Had a good talk today with Jon Kleinberg, professor at Cornell who some credit with work that inspired PageRank, though he's far too modest to accept that mantle. He says he's proud that in academic citations, his work on hubs and authorities is cited alongside PageRank as seminal to the…

Had a good talk today with Jon Kleinberg, professor at Cornell who some credit with work that inspired PageRank, though he’s far too modest to accept that mantle. He says he’s proud that in academic citations, his work on hubs and authorities is cited alongside PageRank as seminal to the current state of web search. While talking to Kleinberg was great for the historical perspective of my book (he was at IBM Almaden in the 96/97 timeframe, near Stanford, working on very similar stuff) it was also very interesting to hear his views on where search might be going.

He agrees with the consensus view that search is in its early days. The really hard problems – natural language queries, for example, have yet to be solved. “It’s kind of interesting to see how far search has gotten without actually understanding what’s in the document,” he noted. In other words, search has gotten pretty sophisticated using keyword matching, and link/pattern analysis. But search technology still has no idea what a document actually *means* – in the human sense.
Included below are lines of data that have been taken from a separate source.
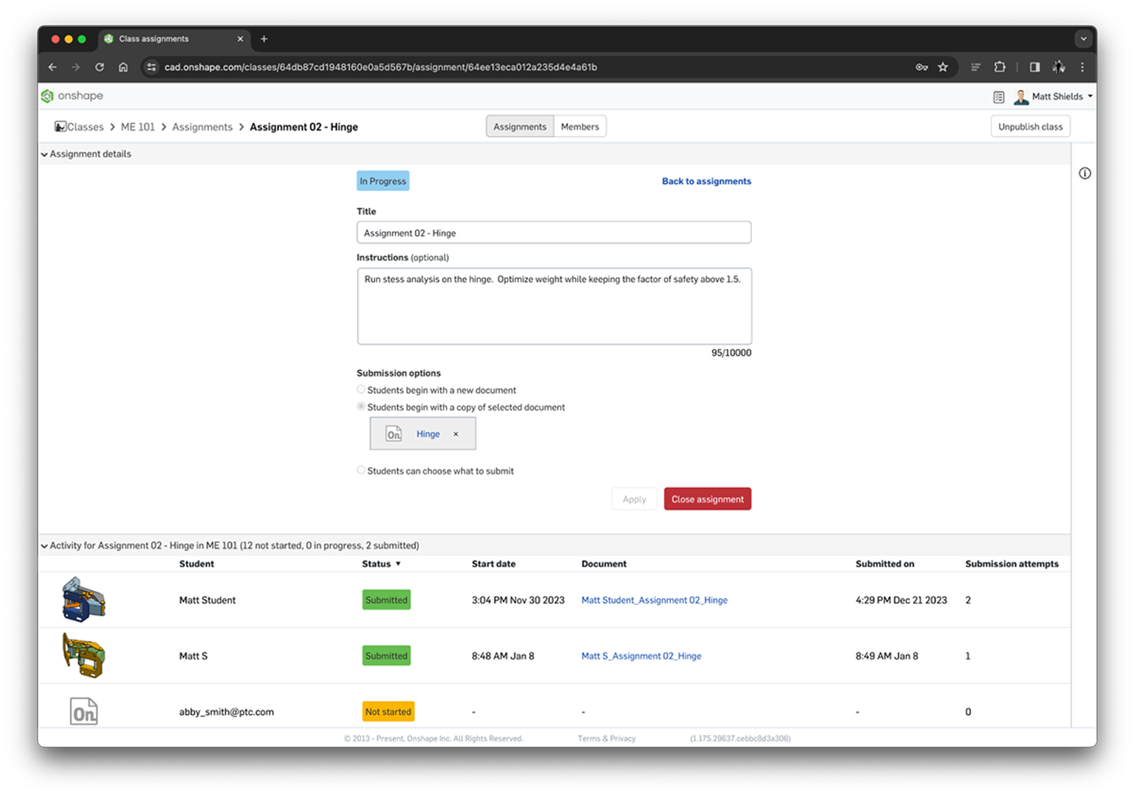 In Onshape, I could easily monitor who had started which assignments and exactly when they were submitted. One click would take me right to their models, where I could leave comments and provide opportunities for resubmission. Classes & Assignments is intended to supplement and not replace your LMS, but it places so much of the assignment distribution and organization under one roof. The time savings are remarkable.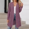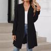 Женская осенне-зимняя длинная однотонная куртка-кардиган с длинным рукавом и свободными карманами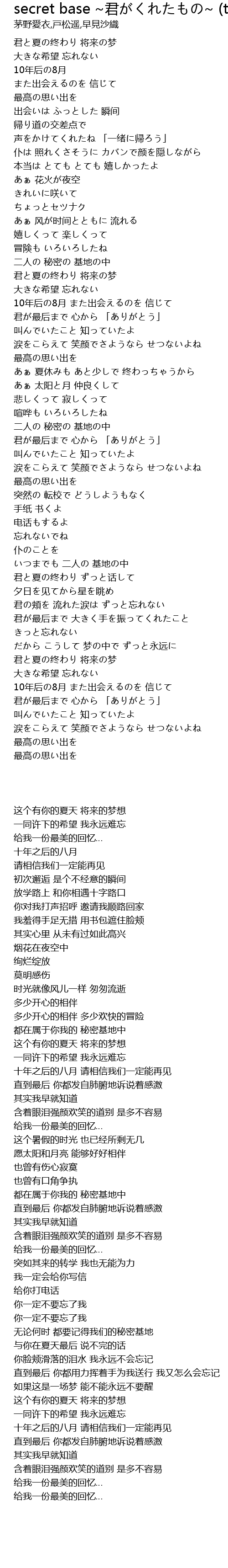 Secret Base 君がくれたもの 歌词 歌词网
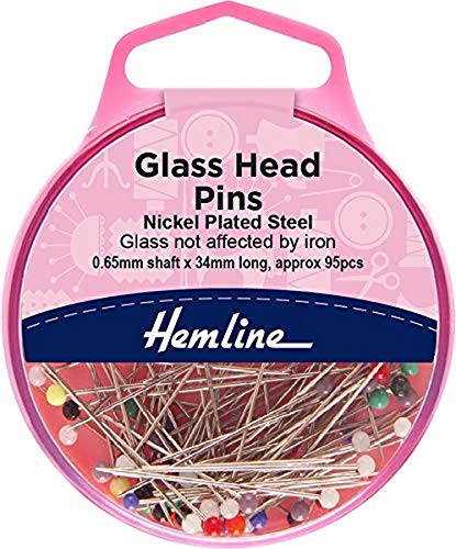 Hemline - Spilli a testa vetro 10 G, 34 mm di lunghezza e 0,65 mm di spessore

Kleinberg outlined one of his core frustrations with search engines, one I am sure all readers have experienced: the inverse search. In this scenario, you know there is a core term or phrase that, if typed into Google, would yield exactly the set of pages you’re looking for. But you don’t know the term, and your attempts to divine it continually bring up frustrating and non-relevant results. Say, for example, you want to know more about that regulation that you’ve heard about, the one that says you have the right to fly – with no additional charge – on a different airline if the one you are on cancels your flight. You want to find out the specifics of that regulation, but how?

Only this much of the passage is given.